Dari domestik, ia mengatakan, data inflasi Indonesia periode Juli 2026 yang terjaga stabil memberikan konfirmasi kuat atas solidnya daya beli masyarakat serta terjaganya stabilitas moneter. Bahkan tereduksinya geopolitical risk premium memberikan ruang longgar bagi BI untuk menjaga stabilitas moneter dan BI-Rate.

Sementara itu, pasar juga masih menunggu perkembangan terkait suksesi Gubernur BI serta agenda fiskal pemerintah yang dapat memengaruhi persepsi investor. “Di sisi lain, musim laporan keuangan semester I/2026 masih menjadi katalis positif bagi indeks,” ujar dia.
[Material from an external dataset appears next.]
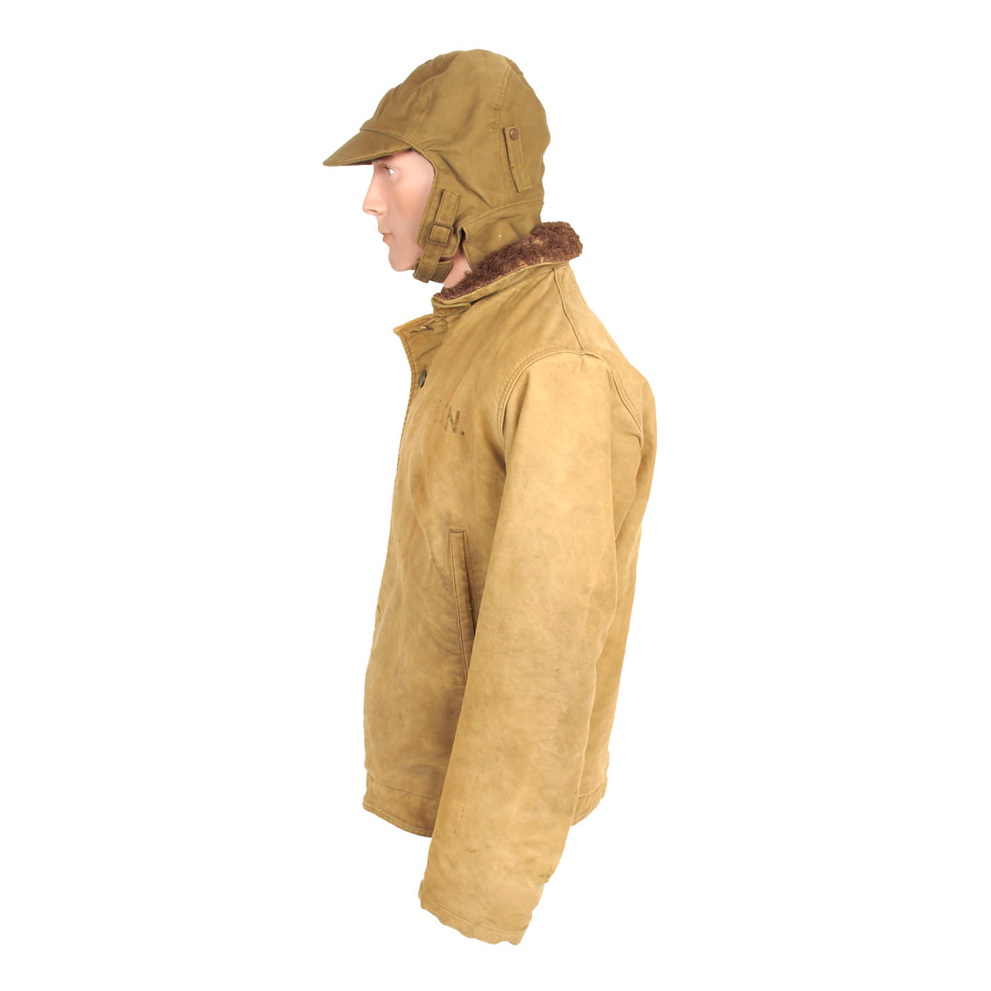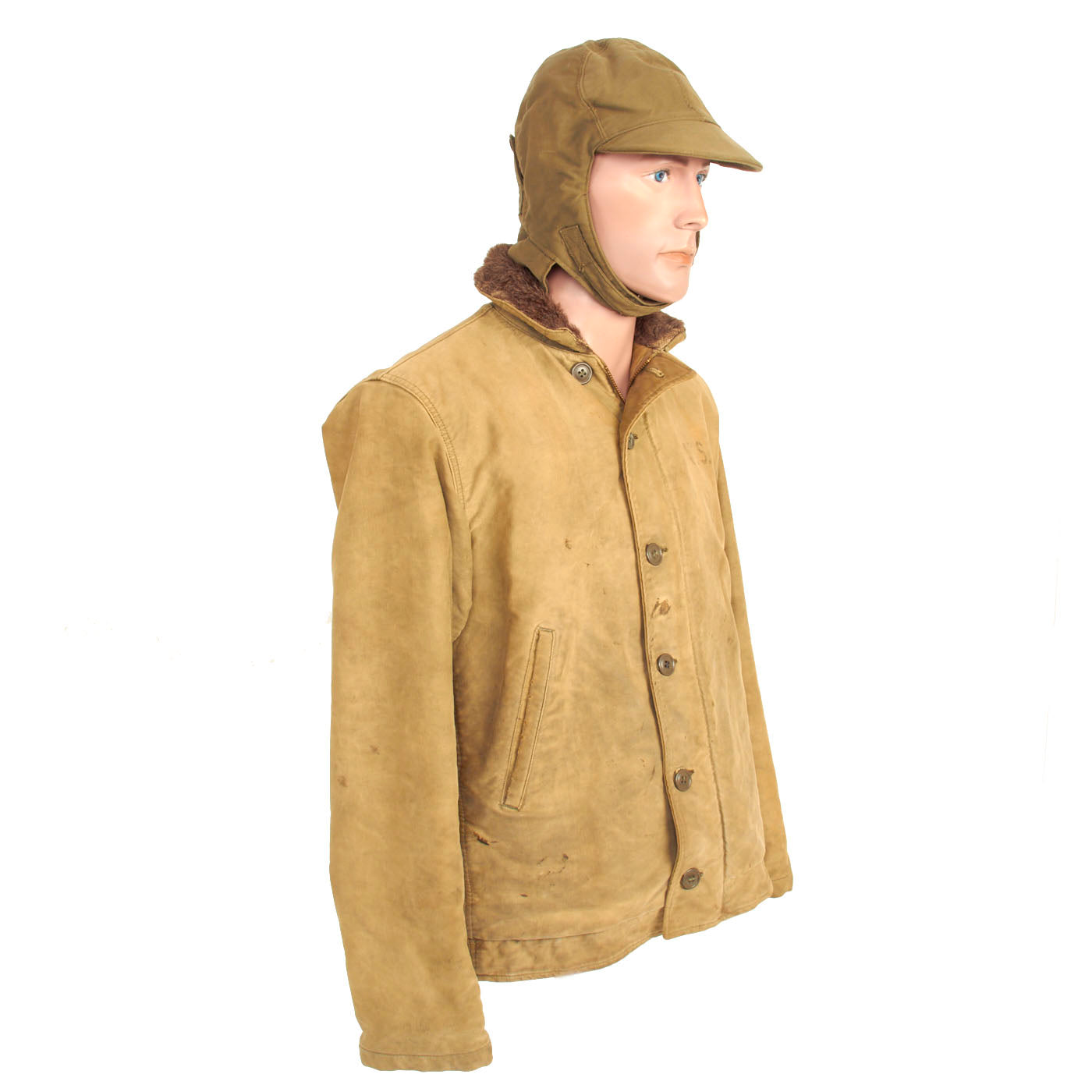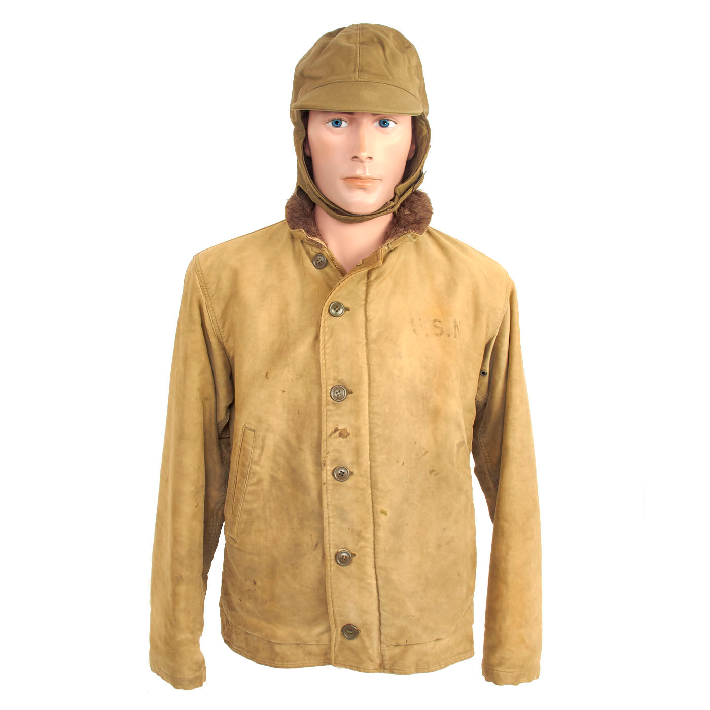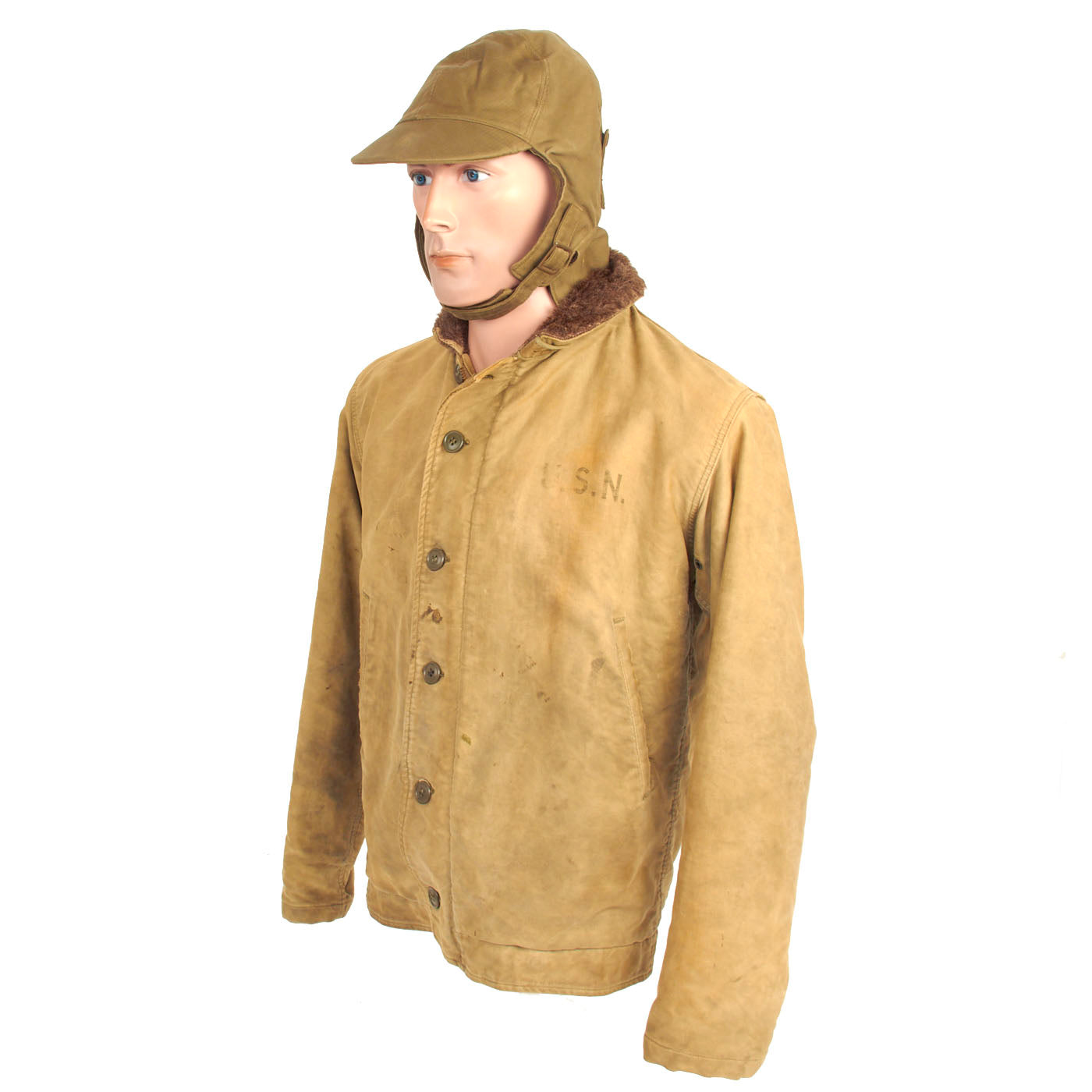 Original Item: Only Ones Available.Original set of WWII United States Navy Stenciled USN Deck Clothing which includes a N1 Deck Jacket in size 38, Matching Deck Bibs, and Deck Cap.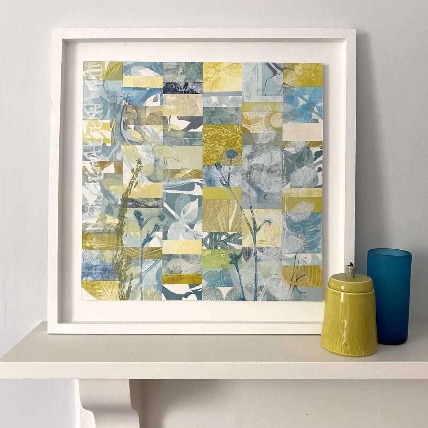The collage is 40cm square and the frame is 50cm square. The collage has been sealed and protected with a wax finish.

Pada perdagangan saham Selasa pekan ini, IHSG berada di level tertinggi 6.319,61 dan level terendah 6.238,39. Sebanyak 399 saham menguat sehingga angkat IHSG. 224 saham melemah dan 170 saham diam di tempat. Total frekuensi perdagangan saham 2.127.062 kali dengan volume perdagangan saham 33,5 miliar saham. Nilai transaksi harian saham Rp 13 triliun. Sementara itu, posisi dolar Amerika Serikat terhadap rupiah di kisaran 18.012.

Dari 11 sektor saham dua sektor saham tertekan. Sektor saham consumer siklikal turun 0,10% dan sektor saham teknologi melemah 0,07%.

Di sisi lain, sektor saham properti bertambah 2,72%, dan catat kenaikan terbesar. Sektor saham basic menguat 2,17% dan sektor saham transportasi melompat 1,59%.

Lalu sektor saham energi menguat 1,04%, sektor saham industri mendaki 0,85%, sektor saham consumer nonsiklikal menguat 0,78%, sektor saham kesehatan bertambah 0,915. Sementara itu, sektor saham keuangan mendaki 1,03%, sektor saham infrastruktur naik 1,03%.